Мандельштам с поразительной проницательностью заметил ведущую роль редактора в новой школе перевода. Он назвал то, что делает редактор, не правкой, а дезинфекцией текста9. Редактор, несомненно, исправляет какие-то грубые ошибки, которые встречаются у малоквалифицированных переводчиков, но здесь бы и кончить! А он заодно вычеркивает и то, что принадлежит живому, самому живому в тексте. На живое у редакторов была большая аллергия, они мгновенно чувствовали: здесь что-то не то. И это «не то» нужно стерилизовать или дезинфицировать. И вот, придя в 70-е годы в издательство, я застала плановую редакторскую школу перевода в действии. Редактор, как и во времена Мандельштама, работая с текстом перевода, не сверял его с оригиналом! Никогда я не видела, чтобы, обсуждая какой-то перевод, ссылались на оригинал (или даже на подстрочник, поскольку часто предлагалось переводить с языка, неизвестного ни переводчику, ни редактору). Правке подвергался русский текст перевода. А с чем же тогда его сверяли? Во всяком случае, не с исходным текстом. Допустим, я предлагаю переводы из Эмили Дикинсон, и редактор мгновенно замечает: «Какие плохие рифмы!» Я отвечаю: «Но Вы знаете, у самой Эмили Дикинсон рифма не очень…» Это ничего не значило! Просто «плохую», условную рифму нельзя было употреблять в переводе; для читателя мы должны были повышать класс мастерства автора, которого мы переводим. Вот это меня удивляло даже в моей не слишком ученой юности: где же оригиналы, на каком основании правится переводной текст? Оказывается, так было уже и в 20-е годы. Хотя редакторы, о которых говорит Мандельштам, были куда более квалифицированными. Конечно, не только рифма: и ритм не мог быть слишком «неправильным» или «капризным»… Что об этом думал автор, нас не касается. У нас есть норма. С нормой все и сверялось. Норму эту стоило бы описать в деталях.

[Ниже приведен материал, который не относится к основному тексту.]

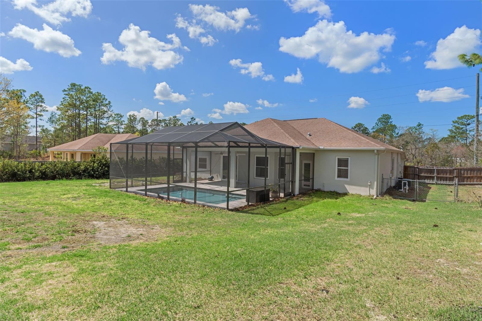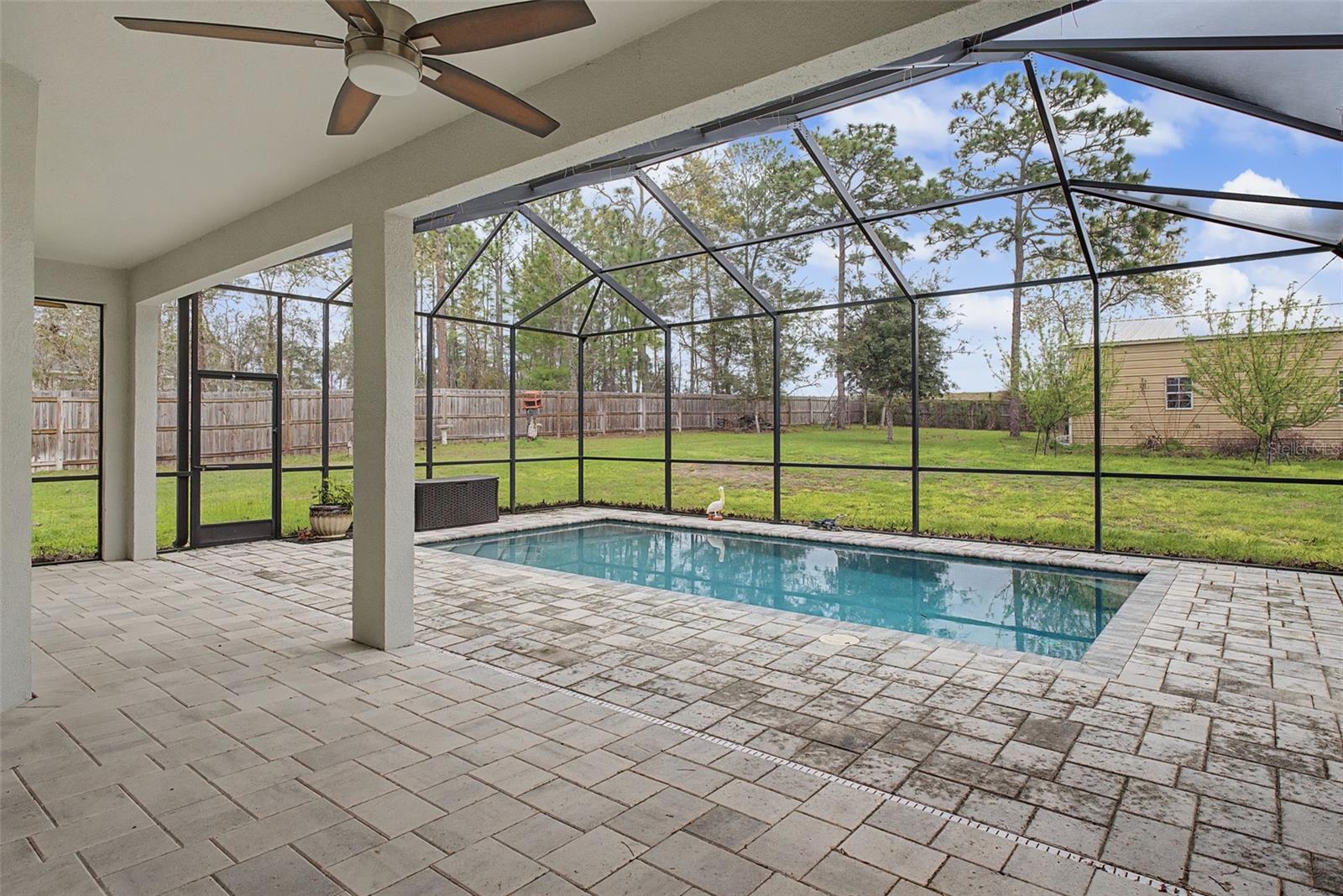 One or more photo(s) has been virtually staged. A lifestyle property for hobbyists, business owners, and RV/toy owners. Rare 40x30 Powered Workshop + Pool Home on Half Acre. Bring Your RV, Boats, Business, or Toys. This beautifully maintained 3-bedroom, 2-bath home offers nearly 2,944 square feet of living space on a spacious 0.55-acre lot, combining comfort, functionality, and exceptional upgrades throughout the property. Step outside to enjoy a in-ground pool surrounded by elegant pavers and a fully screened pool enclosure/lanai, creating the perfect private outdoor retreat for relaxing or entertaining. A standout feature of the property is the 40' x 30' metal building/workshop, constructed on a slab foundation with tie-downs, spray foam insulation, and electric service. The building also has separate power through WREC, making it ideal for a workshop, storage for recreational vehicles, or hobby space. The entire backyard is enclosed with wood fencing, providing privacy and security, while a 7-zone irrigation system supports the new sod and professional landscaping, keeping the grounds lush and well-maintained year-round. Additional improvements include gutters with screened gutter guards and storm-ready downspouts, a new electrical panel with generator connection, and hurricane-rated windows and doors with a transferable warranty—providing both peace of mind and energy efficiency. This property offers the rare combination of space, upgraded infrastructure, and outdoor living, making it ideal for those who want room to enjoy their home, hobbies, and Florida lifestyle.
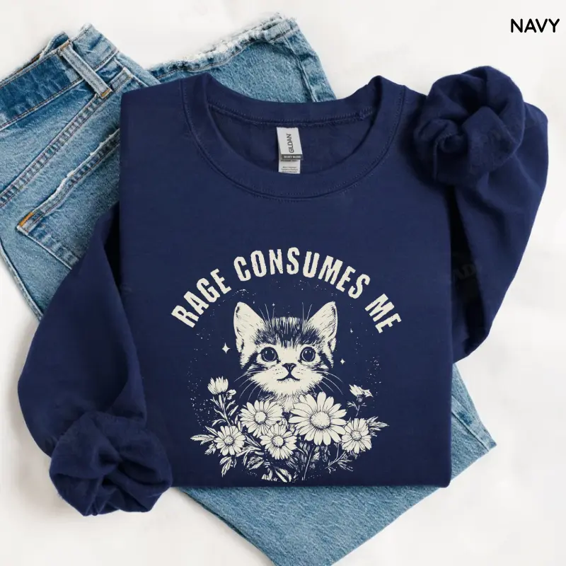 Rage Consumes Me Sweatshirt, Cute Cat Meme Pullover Crewneck Shirt, Trendy Shirts, Women Favorite Top
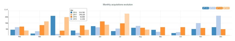 - Acquisition Overview - Using this report, you can access information in respect of acquisition figures, displayed in a clear tabular form. The report showcases yearly aggregated acquisition figures, yet, a more detailed analysis may also be accessed, such as monthly split of the acquisition figures along with split on acquisition service type.
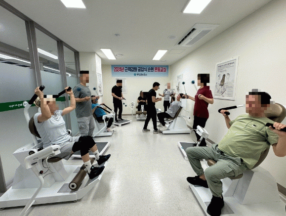 ºñ¸¸¿¹¹æ½Ç¿¡´Â °ø¾Ð½Ä ±Ù·Â¿îµ¿ Àåºñ¿Í ¿¡¾îº¸µå°¡ ÀÖ¾î ´ë»óÀÚº°·Î °µµ¿Í ¿îµ¿´Ü°è¸¦ Á¶ÀýÇÑ ±Ù·Â¿îµ¿°ú À¯»ê¼Ò ¿îµ¿À» ÅëÇØ °Ç°ÇÑ ÀûÁ¤Ã¼ÁßÀ» À¯ÁöÇÏ°í ±ÔÄ¢ÀûÀÎ ¿îµ¿ ½À°üÀ» Çü¼ºÇÒ ¼ö ÀÖ´Ù.
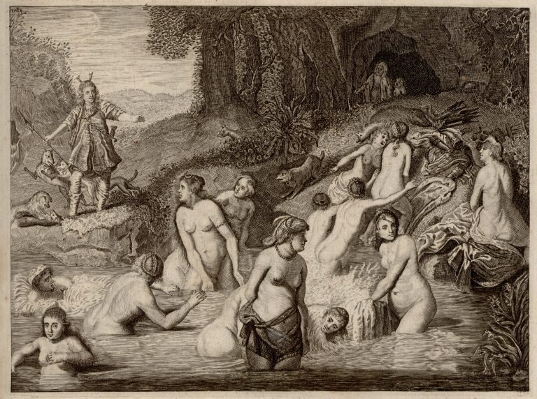 Nahá Artemis (Diana) s nymfami při koupeli. Výjev ze břehu pozoruje Aktaión s kopím a loveckými psi okolo, na hlavě mu raší parohy – počíná proměna v jelena. Šaty, látky, lovecké zbraně a kořist položená na břehu, v jeskyni naznačená postava se zvířetem.
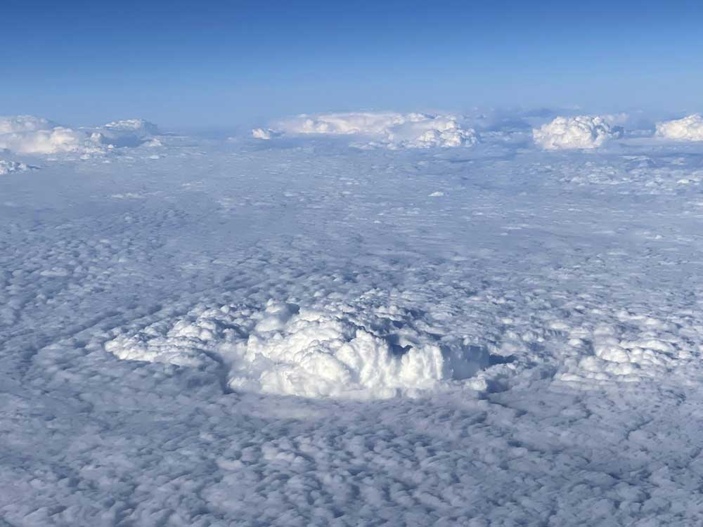 Clouds bubbling up out of the blanket below, spotted on a flight from Dallas to North Carolina, US.
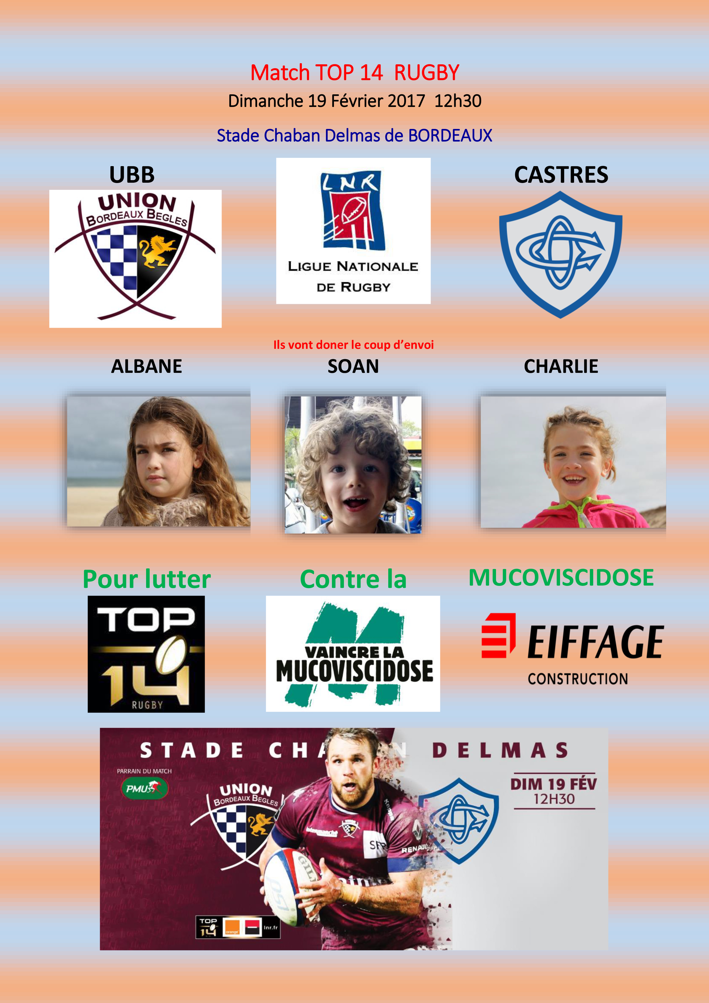 Le coup d'envoi du match face à Castres ce dimanche 19 février à 12h30 sera donné par 3 enfants lors du match face à Castres ce dimanche : Charlie, Albane et Soan, en présence de Laurent Marti, Pierre Guérin, président de l'association Vaincre la Mucoviscidose et Joël Martin, délégué territorial Aquitaine Nord.
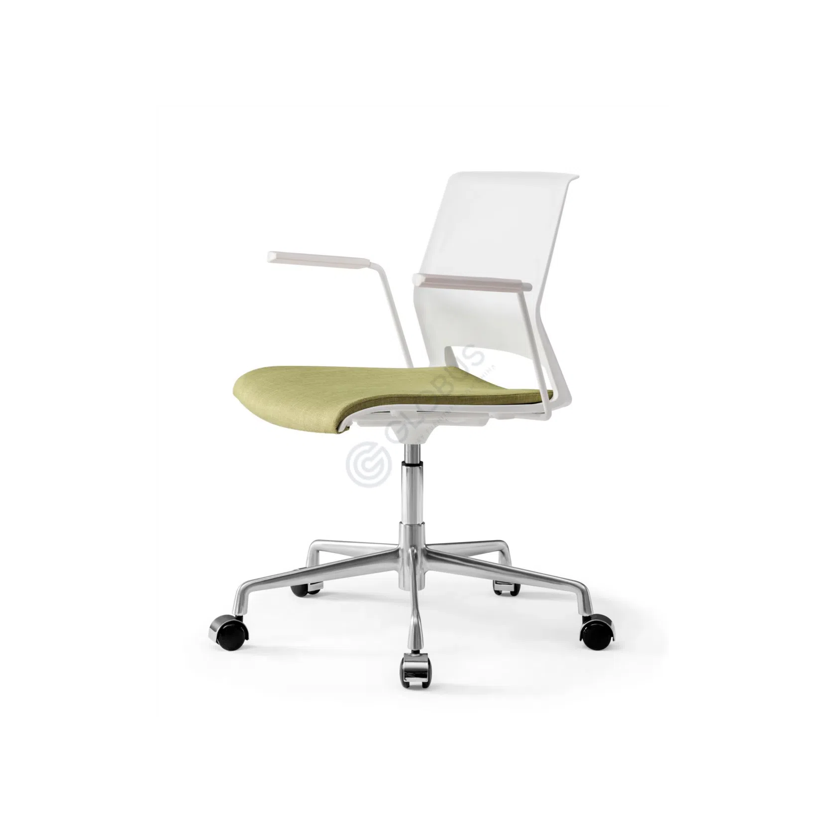 A modern office chair designed with functionality and contemporary style in mind, perfect for enhancing a home workspace. It features a clean white structure supporting a translucent backrest and a comfortable, upholstered seat cushion in a soft green tone. The overall design presents a fresh and adaptable look.
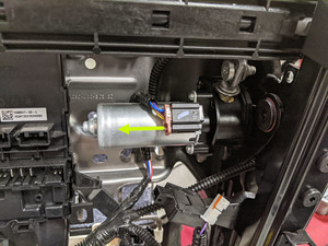 - Position the driver seat controller onto the seat assembly, and then fasten the clips (x3) that attach the controller to the assembly.
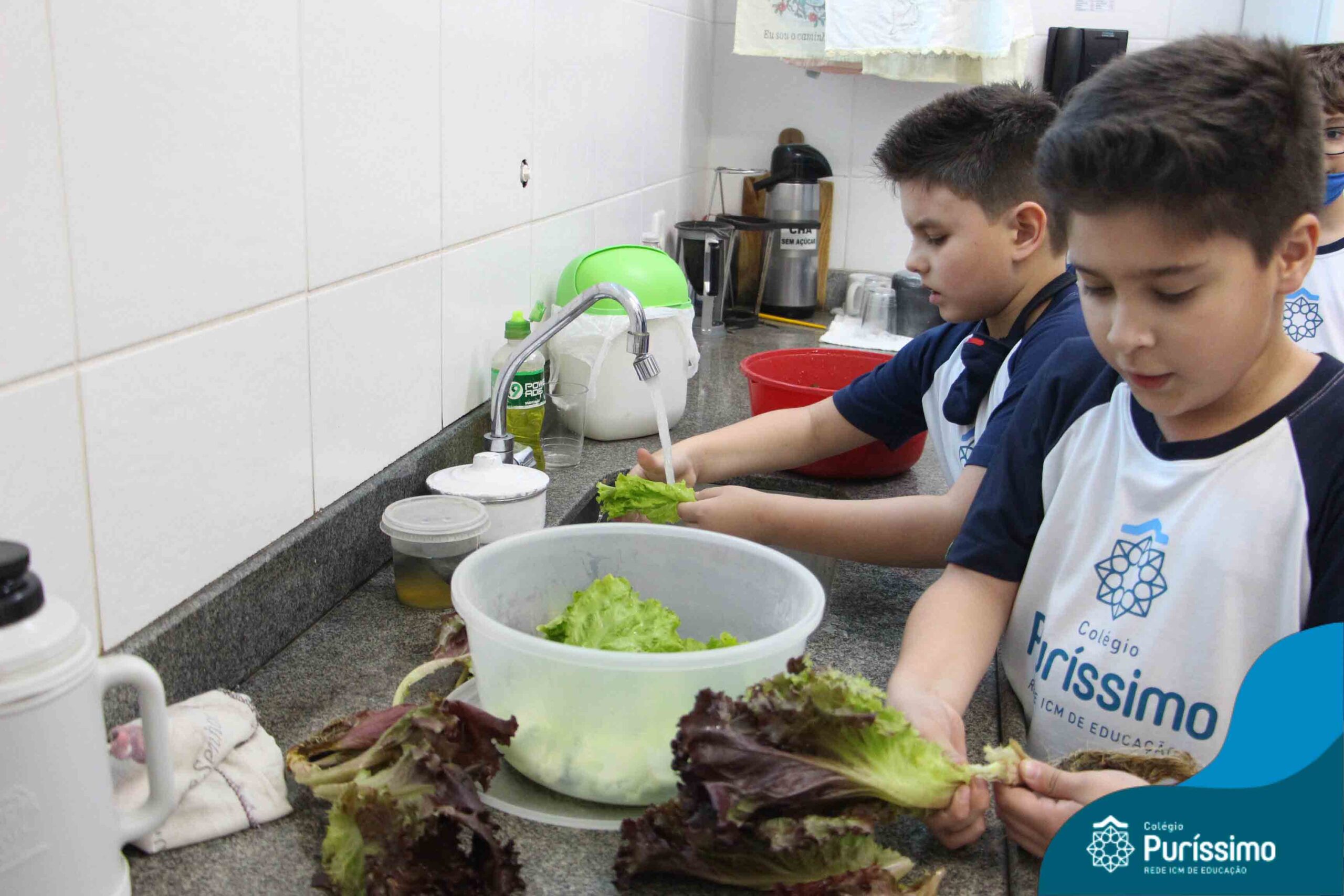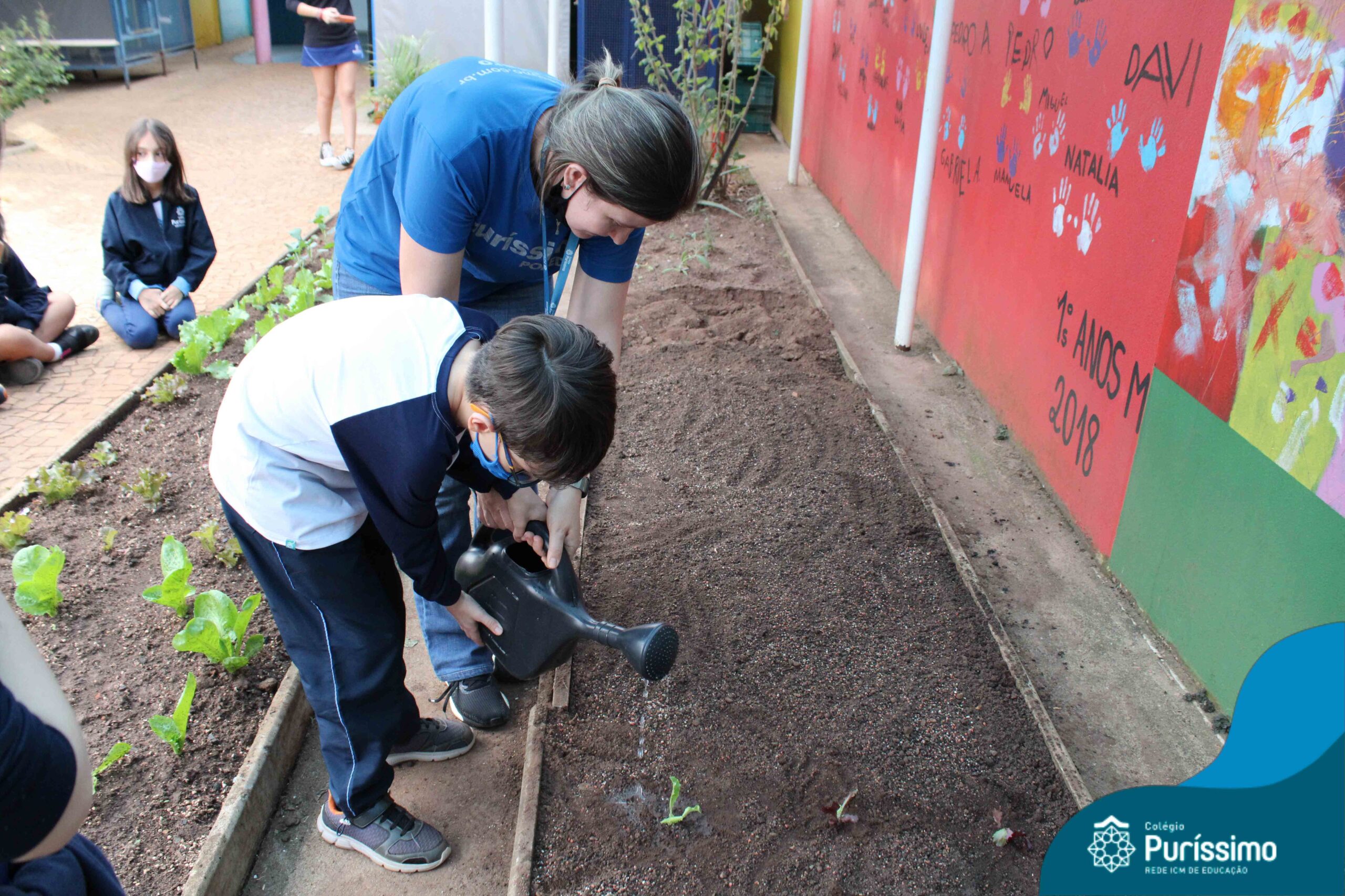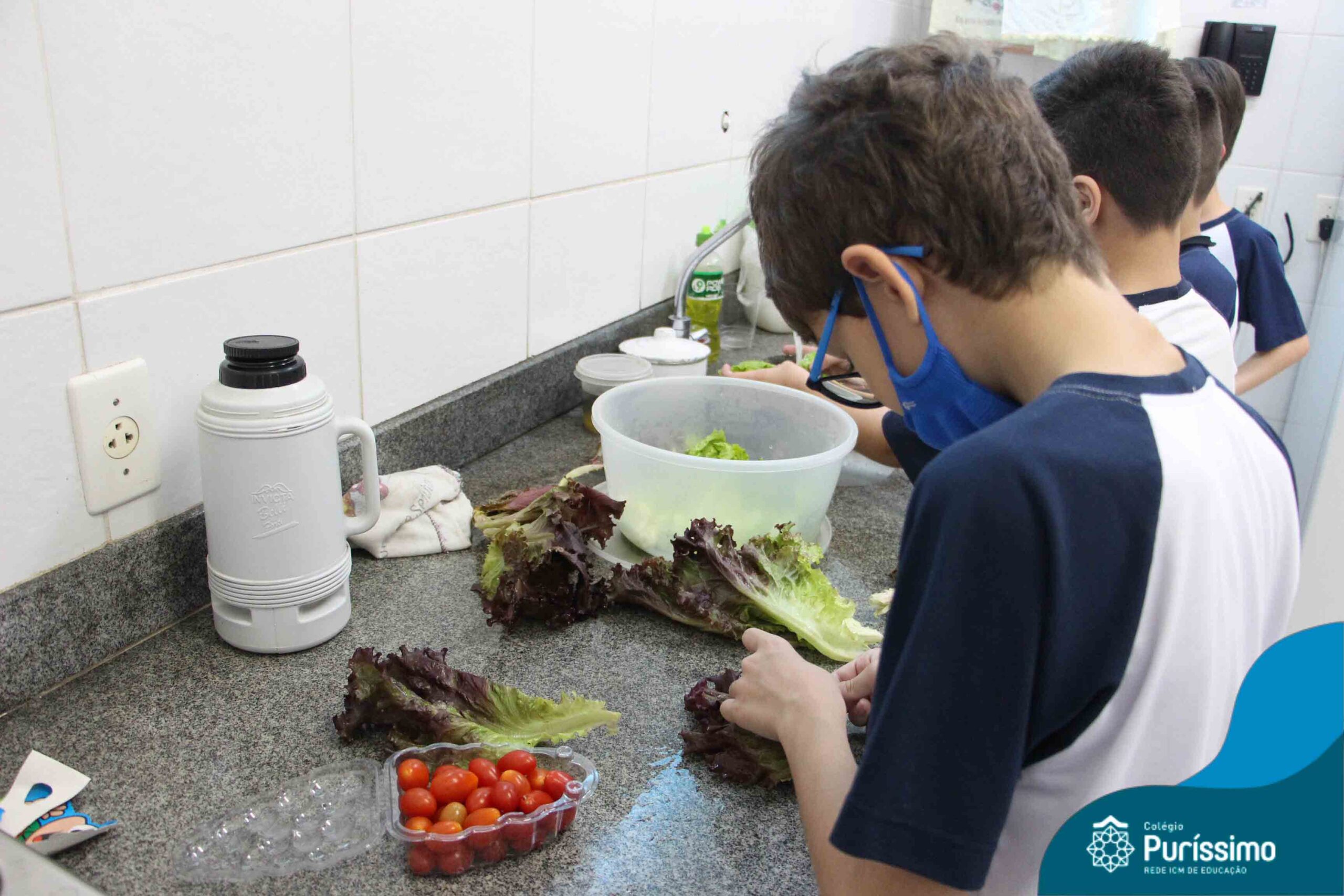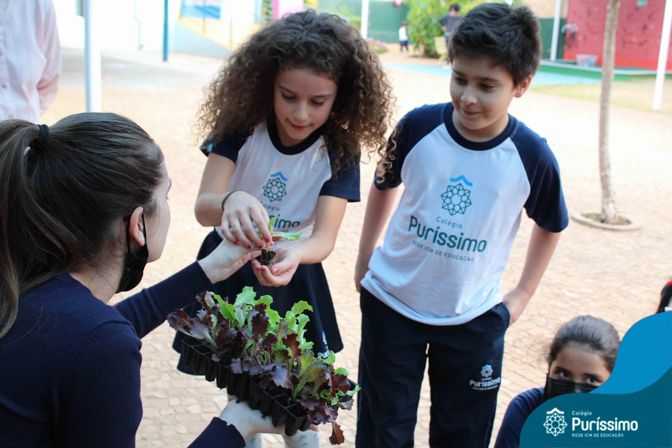 Após todo o ensinamento, os alunos partiram para colocar a mão na massa: eles plantaram e cuidaram do próprio alface para que pudessem desfrutar de um lanche super saudável nos últimos dias de aula.
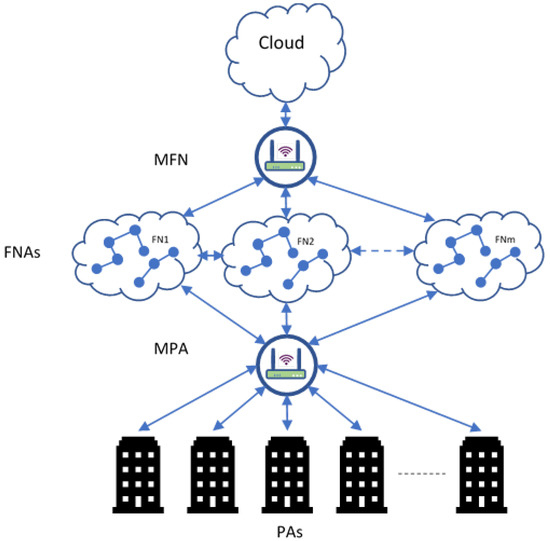 According to the proposed scheduling strategy, in this section, we present our CHTM model, which was built using MASs (multi-agent systems). An MAS represents a system of cooperating intelligent agents and autonomous entities that may communicate and behave with each other in a definite environment, based on the state of the environment [27]. In the CHTM model, as shown in Figure 3, scheduling, nodes, tasks, and system fitness are the monitoring objects. We take into account the model of the multi-agent system (MAS) with four agent types: a fog node agent (FNA), master agent (MA), personal agent (PA), and master personal agent (MPA). In the proposed model, three levels of processing are provided: PAs, FNAs, and the cloud. Furthermore, two levels of control are provided: MPAs and MFNs.

В редактуре стихотворных переводов одно из главных мест занимала рифма. Это была какая-то фетишизированная часть стихотворного ремесла: первым делом смотрели на правый край строки. При этом само понятие точной/неточной рифмы было весьма условным. Мне приходилось приносить, например, томик Лермонтова, чтобы открыть его и на любой странице показать, что вот эта «неточная» рифма (типа «мою – люблю») использовалась в самой что ни на есть классической русской поэзии. Так что это был какой-то особый конструкт – точная рифма. И надо сказать, что рифма в переводе – это самый опасный инструмент. Я думаю, именно обязательности рифмы, и к тому же «точной» рифмы, мы обязаны языковым и смысловым уродством многих стихотворных переводов. Ведь это простейший навык рифмоплета – подгонка под рифму. Его отлично описал Достоевский в стихах Лебядкина. «Нерукотворное нутро» – той же породы, что его «мухоедство».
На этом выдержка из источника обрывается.